Your output should be everything below from the line containing "- 成组插件 (G1): 预设精美布局,尺寸7*4,适合占据一整页桌面,带来沉浸式视觉体验。" down to the line containing "กางเกงขาสั้นเล่นกอล์ฟน้ำหนัก", both ends included, copied exactly, with pictures left out.

Data for this task
====================
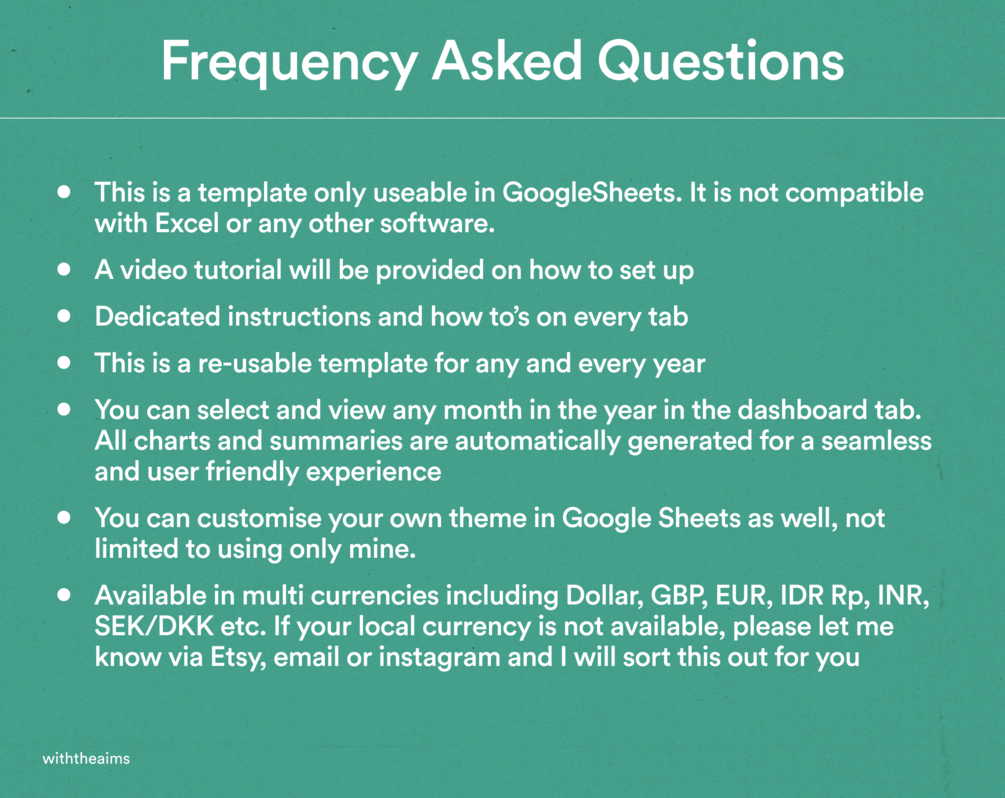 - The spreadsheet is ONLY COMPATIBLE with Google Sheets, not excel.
====================
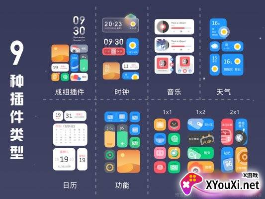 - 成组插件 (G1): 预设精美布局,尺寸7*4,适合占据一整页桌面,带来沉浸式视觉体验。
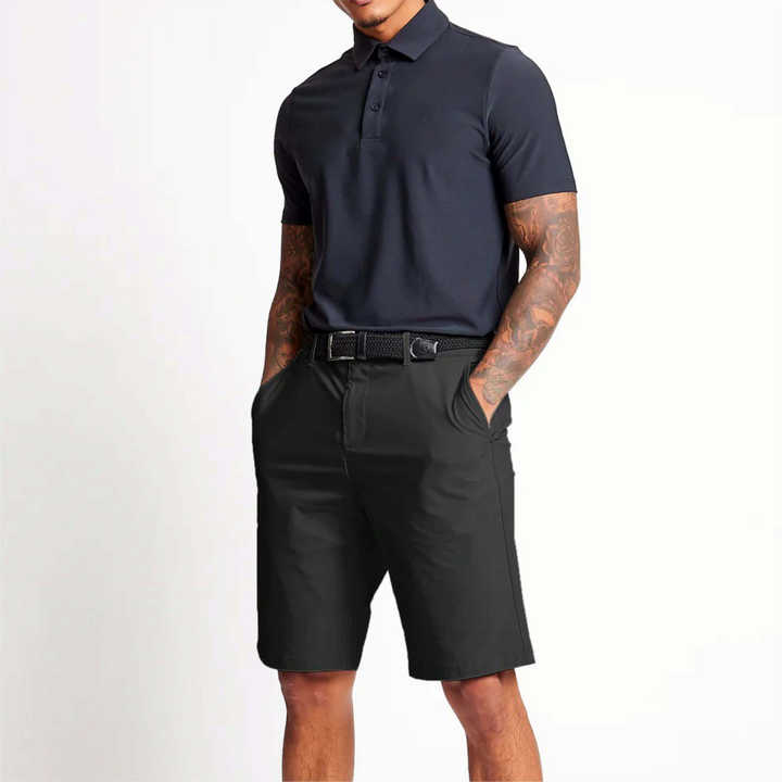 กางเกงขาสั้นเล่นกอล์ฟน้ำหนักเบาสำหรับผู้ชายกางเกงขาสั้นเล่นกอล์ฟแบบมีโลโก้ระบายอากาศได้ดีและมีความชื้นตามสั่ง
====================
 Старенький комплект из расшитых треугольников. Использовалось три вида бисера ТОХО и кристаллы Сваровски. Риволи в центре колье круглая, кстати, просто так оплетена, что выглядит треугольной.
====================
Task response
 - 成组插件 (G1): 预设精美布局,尺寸7*4,适合占据一整页桌面,带来沉浸式视觉体验。
 กางเกงขาสั้นเล่นกอล์ฟน้ำหนักเบาสำหรับผู้ชายกางเกงขาสั้นเล่นกอล์ฟแบบมีโลโก้ระบายอากาศได้ดีและมีความชื้นตามสั่ง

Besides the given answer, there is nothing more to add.